Kreiss moved then, struggling to his feet. Janet felt her heart start to pound. Her mouth was now absolutely dry and there was a chemical taste in her throat. The Sig suddenly seemed to weigh twenty pounds, and she gripped the butt even harder.

This was the moment she had dreaded the whole time she had been in the Bureau.

“Get back on your fucking knees, Kreiss,” Misty hissed, steadying the gun on him but now watching Janet.

“No,” he said, starting to walk toward her. Janet realized what he was doing. He was creating a diversion, forcing Misty to split her concentration.

Giving Janet the shot. But only if she did it right now.

Time slowed down. A rivulet of blood ran into her right eye and she had to blink rapidly to clear her vision. Misty saw Janet blink and smiled.

Kreiss kept coming.

“Watch this, baby face,” Misty said, snapping her eyes back to Kreiss for a second and then back to Janet.

“Let me show you how this is done.”

Janet fired right through the car door. She didn’t try to aim. She just stared at Misty and forced her hands to track that stare, willing the bullets to slash through the six feet of air between them and tear into that goddamned woman’s body. She fired until the Sig wouldn’t fire anymore, her fingers burning as the car’s insulation caught fire, watching with grim satisfaction as Misty staggered back from the hail of bullets that were tearing into her, still trying to bring the

Woodsman around and then dropping it with a wail that was cut off as the final round tore out her throat, spinning her around and down onto the concrete. Janet’s last three rounds hit the concrete wall behind, sending two ricochets howling down the ruined street and one back into her own car, inches from her knee.

When the noise finally stopped, Janet tried to focus on the scene in front of her. Misty was motionless on the ground. Janet turned her head to locate Kreiss. Oh God, oh God, Kreiss was down, too, face flat on the concrete, not moving, his face buried in the rubble.

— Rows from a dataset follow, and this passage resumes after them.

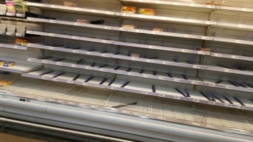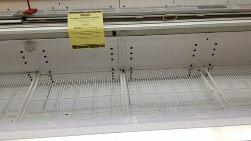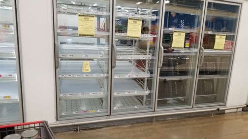 Valle de Texas.-Usuarios de las redes sociales del Valle del Sur de Texas, han difundido fotografías de los anaqueles y refrigeradores de los supermercados vacíos, esto generado por las compras de pánico que se registran a causa de las heladas y falta de energía eléctrica.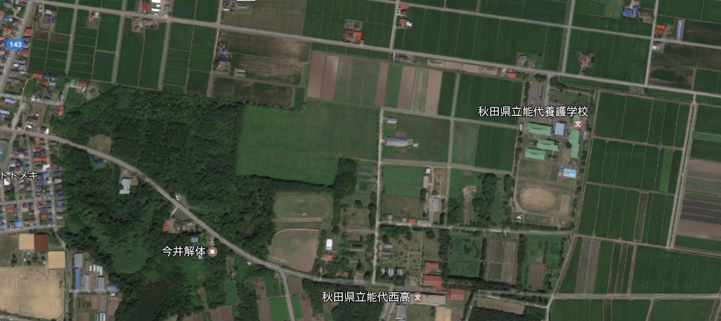 ▼現在(平成29)の能代飛行場周辺(google map)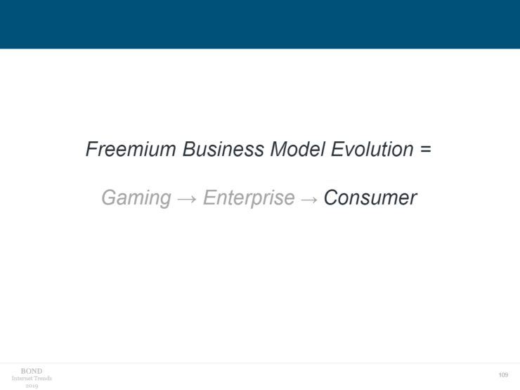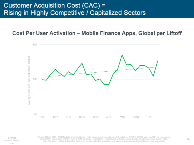 客户获取成本(每吸引一个新客户所需要的营销支出)正在上升,但这种趋势不可维系,因为在某些情况下,客户获取成本超过了客户能带来的长期收入。Mary Meeker 建议,利用成本更低的方式来吸引客户,比如免费试用和免费分级使用。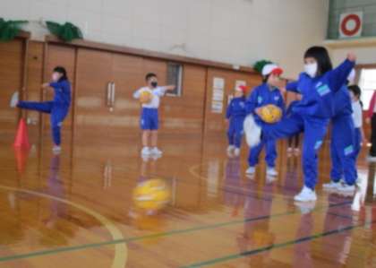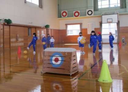 ボールけりに挑戦です。 的に当たるようにボールをけりました。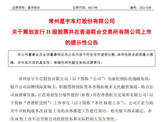 12月3日,星宇股份發(fā)布公告宣布,公司為深化國(guó)際化戰(zhàn)略布局,提升公司品牌國(guó)際影響力,積極借助國(guó)際資本市場(chǎng)拓展多元化融資渠道,助力公司高質(zhì)量發(fā)展,正在籌劃發(fā)行境外股份(H股)并在香港聯(lián)合交易所有限公司上市事宜。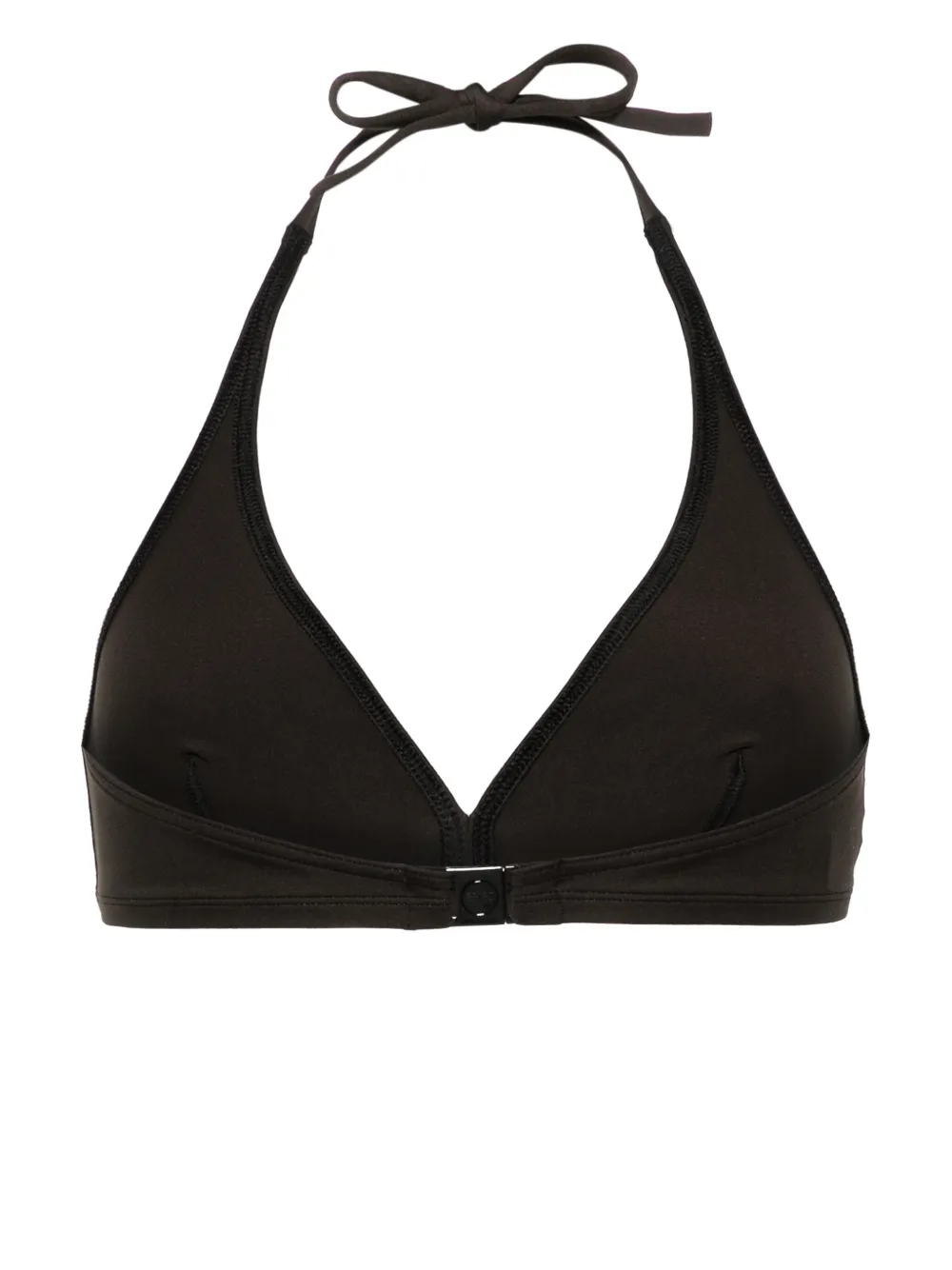 donkergrijs stretch design triangel cup halternek striksluiting sluiting aan de achterkant verstelbare pasvorm Zwemkleding moet over je eigen kleding worden aangepast.

She dropped the Sig by her foot and tried to get the door open, but it wouldn’t budge. Lynn was crying behind her now, making a whimpering little-girl sound that surprised Janet. She pushed herself sideways, getting more blood in her face, wiping it off on the seat back, and then started climbing through the window feet first She felt the car move then, swaying as she changed position. She froze, then resumed her movements, forcing her legs and then her hips out the window, straining her back, and then dropping out of the car onto—nothing.

She yelped, grabbed the blood-slick windowsill, and hung there for a moment while the car rocked dangerously on the single pipe holding it over the hole. She heard the end of the pipe grinding ominously. She climbed partially back into the car, got another faceful of blood, and then blindly kicked out with her legs until her feet hit solid ground. She arched her back, making a bridge of her body between the rim of the hole and the car, and then stood up, windmilling her arms until she could get her balance.